The pattern: an agent owns its slice of the data plane
The mental model that keeps coming back as I build this out is that an agent should own a slice of the data plane — its own taps, its own secrets, its own pipelines — but never the whole thing.
The platform draws the line. Operators own the install-time configuration, the AI provider keys, the database itself. Agents own the data sources they introduced, the credentials those sources need, and the pipelines they’re responsible for. Other agents can read and query everything. They can only mutate their own slice.
This is the closest thing I’ve found to a workable production model for letting agents do real work in a data system without giving them root.
It also generalizes. The same pattern works whether you’re letting a single research agent build itself a workspace, letting a team of domain agents each own their own data sources in a multi-tenant deployment, or letting an enterprise customer hand off chunks of their data ops to autonomous workers without losing the ability to audit or revoke.
Why this matters now
For most of 2025, the AI agent conversation was about reasoning quality and tool calling. Both of those got good enough that they’re no longer the bottleneck.
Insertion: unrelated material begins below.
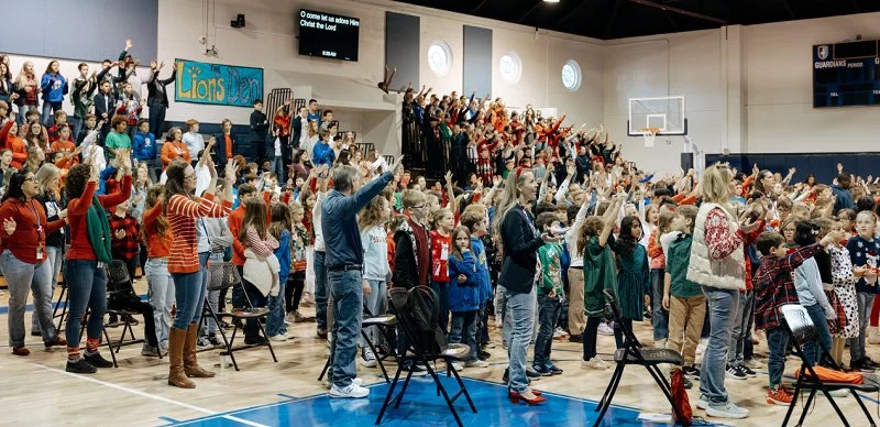 Children and teachers worship at a chapel service. Chapel is held weekly at CCA.
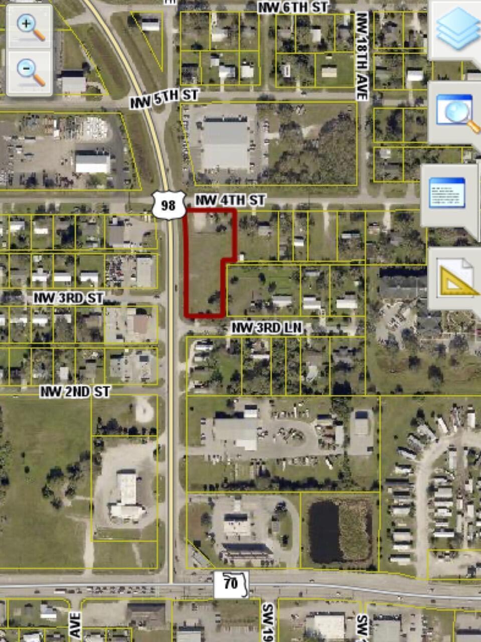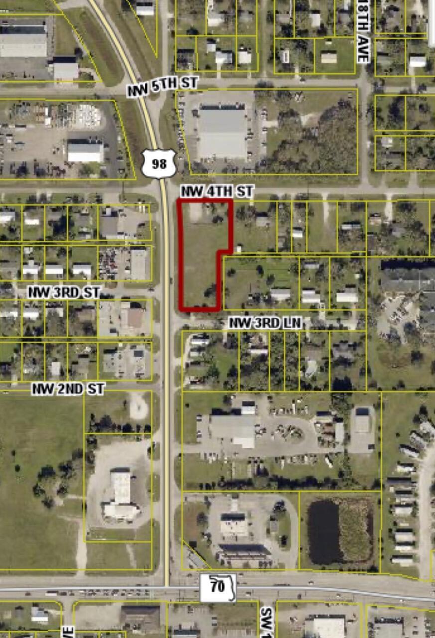 1.19 Acres of Commercial Land located in the heart of Okeechobee, Florida directly on US HWY 98 just north of State Rd 70 high traffic location great for multiple types of commercial businesses. Sizes are approximate.

The bottleneck moved to the systems agents talk to.
A model that can plan ten steps ahead is wasted on a platform that can’t tell it whether step three landed. A multi-agent architecture is meaningless if every agent shares one credential namespace and overwrites the others’ work. A control plane is hard to build on top of a tool layer that doesn’t expose state.
The work of the next year, in my opinion, is making data platforms behave like first-class participants in agent workflows — durable, observable, scoped, self-describing. The MCP protocol is the cleanest contract we’ve had for that, but the platform on the other side of the protocol has to actually be designed for it.
Datris is one attempt at that. It’s open source. The whole loop I described above runs in the example agent in the repo. The MCP tool definitions live in mcp-server/server.py and the docs are at docs.datris.ai.
Six MCP calls from nothing to an answer. That’s the bar now. Build accordingly.
Todd Fearn is the founder of Datris.ai and has spent 25+ years building data infrastructure and AI solutions across financial services, healthcare, and enterprise — from Goldman Sachs and Bridgewater Associates to Deutsche Bank, Freddie Mac, and beyond.